Correlation Test for Two Continuous Variables
cor_test.RdThis function is a wrapper for stats::cor.test function, except if
method = "spearman" is selected and there are ties in at least one
variable, in which case this is a wrapper for coin::spearman_test
employing the approximate method.
Usage
cor_test(
x,
y,
method = c("pearson", "kendall", "spearman"),
seed = 68954857,
nresample = 10000,
exact = TRUE,
verbose = FALSE,
...
)Arguments
- x
numeric vector (can include NA values).
- y
numeric vector (can include NA values).
- method
a character string indicating which correlation coefficient is to be used for the test. One of "pearson", "kendall", or "spearman", can be abbreviated to "p", "k", or "s".
- seed
seed (only used if
method = "spearman").- nresample
a positive integer, the number of Monte Carlo replicates used for the computation of the approximative reference distribution. Defaults to 10000. (only used if
method = "spearman").- exact
should exact method be used. Ignored if
method = "pearson"or ifmethod = "spearman"and there are ties in x or y.- verbose
a logical variable indicating if warnings and messages should be displayed.
- ...
parameters passed to stats::cor.test or coin::spearman_test
Details
The three methods each estimate the association between paired samples and compute a test of the value being zero. They use different measures of association, all in the range [-1, 1] with 0 indicating no association. These are sometimes referred to as tests of no correlation, but that term is often confined to the default method.
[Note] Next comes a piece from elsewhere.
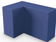
Comfy Block L FM3CBL1
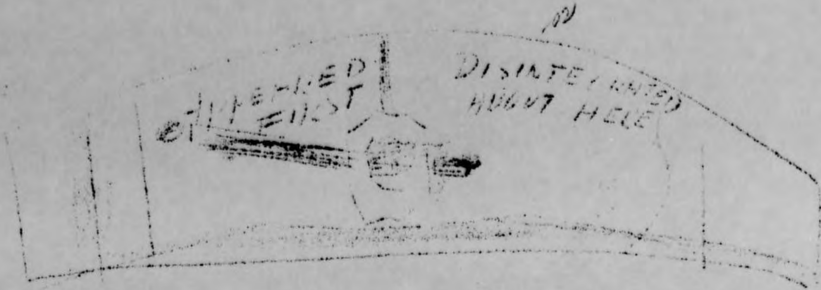
SKETCH: View from Interior of C-47 Aircraft

If method is "pearson", the test statistic is based on Pearson's product moment correlation coefficient cor(x, y) and follows a t distribution with length(x)-2 degrees of freedom if the samples follow independent normal distributions. If there are at least 4 complete pairs of observation, an asymptotic confidence interval is given based on Fisher's Z transform.
If method is "kendall" or "spearman", Kendall's tau or Spearman's rho statistic is used to estimate a rank-based measure of association. These tests may be used if the data do not necessarily come from a bivariate normal distribution.
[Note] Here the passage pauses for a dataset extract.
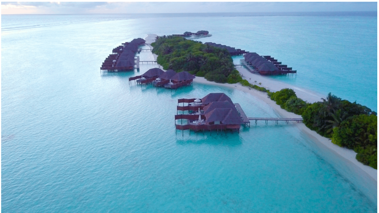
The smaller of the two islands at the Conrad Maldives

After my entire experience at Rangali, I can wholeheartedly recommend a visit. With just a few things lacking, such as the cuisine at a couple of the restaurants, there isn't much to spoil a vacation in paradise. Between the stunning views, secluded beaches, incredibly attentive service, and white glove treatment from arrival to departure – a visit to Conrad Rangali will leave you in smiles wanting to visit again!

The preferred method for a Spearman test is using the exact method, unless
computation time is too high. This
preferred method is obtained though stats::cor.test with exact = TRUE.
When there are ties in either variable there is no exact method possible.
Unfortunately if there are any ties the stats::cor.test function switches
to the asymptotic method, which is especially troubling with small sample
sizes. If there are ties cor_test will switch to the approximate
method available in the coin::spearman_test.
Examples
set.seed(5432322)
x <- rnorm(20,0,3)
y <- x + rnorm(20,0,5)
cor_test(x,y, method = 'pearson')
#> [1] 0.003244366
cor_test(x,y, method = 'kendall')
#> [1] 0.0237345
cor_test(x,y, method = 'spearman')
#> [1] 0.01473093
# Adding ties
cor_test(c(x,x), c(y,y), method = 'spearman',
seed = 1, nresample = 10000, verbose = TRUE)
#> Either "x" or "y" has ties, so using approximate method.
#> [1] 7e-04